Arms flutter close to the body, skating on pure ice, harmonious

composition, —


Quickly enough, the skater is gendered — "Lithe her romp!" — as the central action of the early narrative occurs: "She is falling!" But from this moment forward, the poem moves outward, both in terms of imagery & action — but in terms of idea & theme as well. The skater's precarious process around the rink is equated with word & alphabet, one's way in the world altogether:


Something she must know about hazard, what spills out —


disturbance, — pathos.


Equilibrium never fixed —


That last line is the closest approximation I've ever seen to Guest's own writing process. She is very careful as to when & how the poem might share any sort of pause or rest, the inherent balance enabling all tumbling thoughts finally to complete themselves, and she doles such moments out very sparingly. Reading her work, as here, is perpetually a process of trying to get one's bearings.


Guest is certainly not the first poet to utilize the reader's sense of balance to good effect — Charles Olson & Larry Eigner both come immediately to mind. Yet both of these men offer far more opportunities in the midst of their texts for the reader literally to orient themselves than does Guest. In "Pathos," these moments occur early, as part of the set up of the piece, not as any offering — even temporarily — of closure. 


Indeed, this is why, I think, Guest often combines punctuation here, the comma with the dash, where any style guide would tell the normative writer that only the latter is needed. Guest wants the reader to feel both pulls away from the word.
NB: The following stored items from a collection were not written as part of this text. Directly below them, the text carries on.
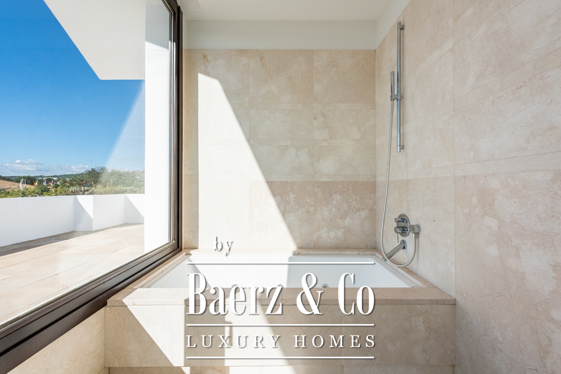 The main floor presents three bedroom suites, each benefitting from considered orientation and quiet outlooks, while the living and dining areas connect seamlessly to a fully fitted kitchen and utility room. The staircase rises to a master suite of presence and calm, framed by panoramic and partial sea views from its private terrace. Marble floors, underfloor heating, a smart home system, and double glazing offer comfort and control throughout.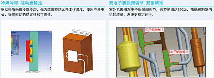 機(jī)組在最常用的制熱外環(huán)境溫度0~20攝氏度范圍內(nèi)可以實(shí)現(xiàn)制熱不換向回油,制熱室內(nèi)環(huán)境溫度更穩(wěn)定,避免忽冷忽熱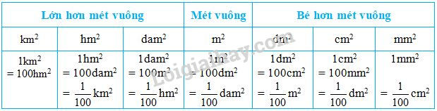 Để đọc (hoặc) viết các số đo diện tích ta viết số đo trước, sau đó đọc (hoặc viết) tên đơn vị diện tích.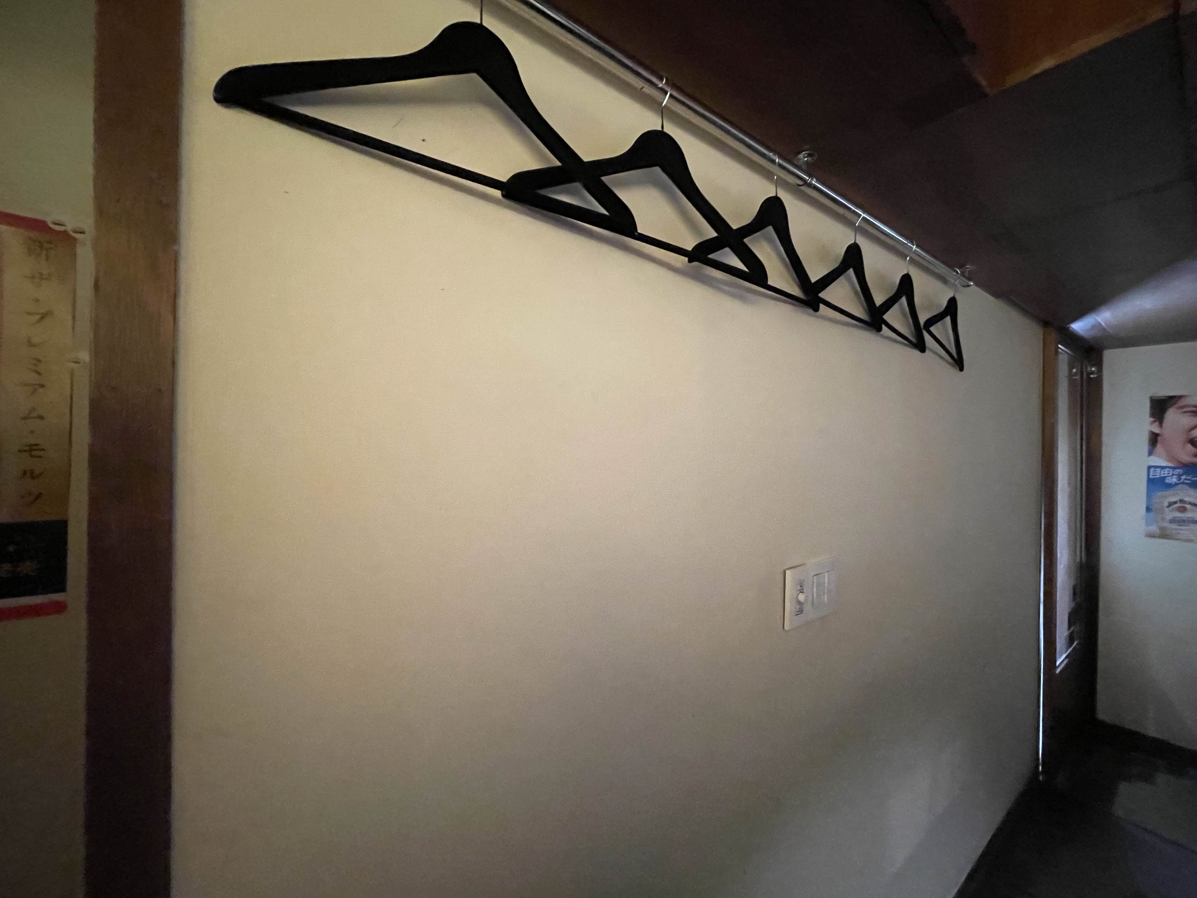 그리고 테이블 뒤에는 외투, 겉옷을 걸 수 있는 옷걸이가 있어요.

Guest continues this process, as close as she may ever get to manifesto or exegesis in her poetry directly, in "Blurred Edge," the second long poem in this otherwise short book, even as she declares


    no exegesis

no barnyard door.


"Blurred Edge," with its unstated thesis that in an interactive world there can be no hard demarcations, would be interesting to read alongside Nick Piombino's The Boundary of Blur. In it, Guest counters — I don't want to say "balances" — the lurching gyroscope of "Pathos," and forces me to confront her equation of imbalance with an emotion, literally (but not at all in the commonplace sense of the term) pathetic.